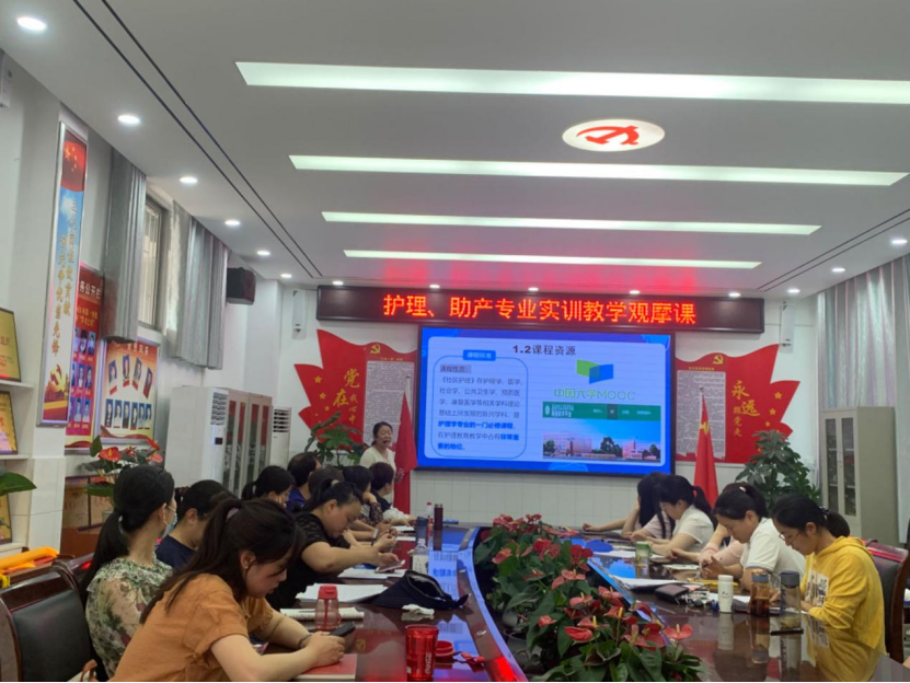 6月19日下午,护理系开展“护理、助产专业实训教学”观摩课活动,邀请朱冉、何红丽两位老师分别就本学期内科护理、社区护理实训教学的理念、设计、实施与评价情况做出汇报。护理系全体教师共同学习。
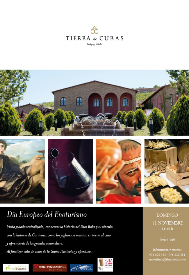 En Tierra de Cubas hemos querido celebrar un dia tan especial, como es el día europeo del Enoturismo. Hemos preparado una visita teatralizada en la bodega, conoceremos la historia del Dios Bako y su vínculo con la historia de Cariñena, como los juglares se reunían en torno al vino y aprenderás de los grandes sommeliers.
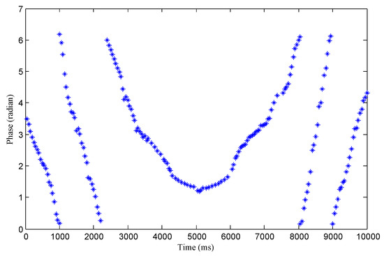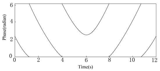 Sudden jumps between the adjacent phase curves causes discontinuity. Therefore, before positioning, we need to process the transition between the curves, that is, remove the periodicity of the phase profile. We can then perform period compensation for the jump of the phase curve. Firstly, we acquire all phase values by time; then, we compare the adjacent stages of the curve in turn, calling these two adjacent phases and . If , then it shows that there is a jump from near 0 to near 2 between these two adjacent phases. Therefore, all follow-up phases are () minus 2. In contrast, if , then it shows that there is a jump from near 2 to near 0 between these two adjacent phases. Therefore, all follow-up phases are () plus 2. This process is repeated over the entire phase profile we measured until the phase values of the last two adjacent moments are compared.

■ Instructions for the task
Find the line holding "En Tierra de" in the data above. Retype it and every later line exactly, through the end, but not the pictures.

■ Written response
 En Tierra de Cubas hemos querido celebrar un dia tan especial, como es el día europeo del Enoturismo. Hemos preparado una visita teatralizada en la bodega, conoceremos la historia del Dios Bako y su vínculo con la historia de Cariñena, como los juglares se reunían en torno al vino y aprenderás de los grandes sommeliers.
 Sudden jumps between the adjacent phase curves causes discontinuity. Therefore, before positioning, we need to process the transition between the curves, that is, remove the periodicity of the phase profile. We can then perform period compensation for the jump of the phase curve. Firstly, we acquire all phase values by time; then, we compare the adjacent stages of the curve in turn, calling these two adjacent phases and . If , then it shows that there is a jump from near 0 to near 2 between these two adjacent phases. Therefore, all follow-up phases are () minus 2. In contrast, if , then it shows that there is a jump from near 2 to near 0 between these two adjacent phases. Therefore, all follow-up phases are () plus 2. This process is repeated over the entire phase profile we measured until the phase values of the last two adjacent moments are compared.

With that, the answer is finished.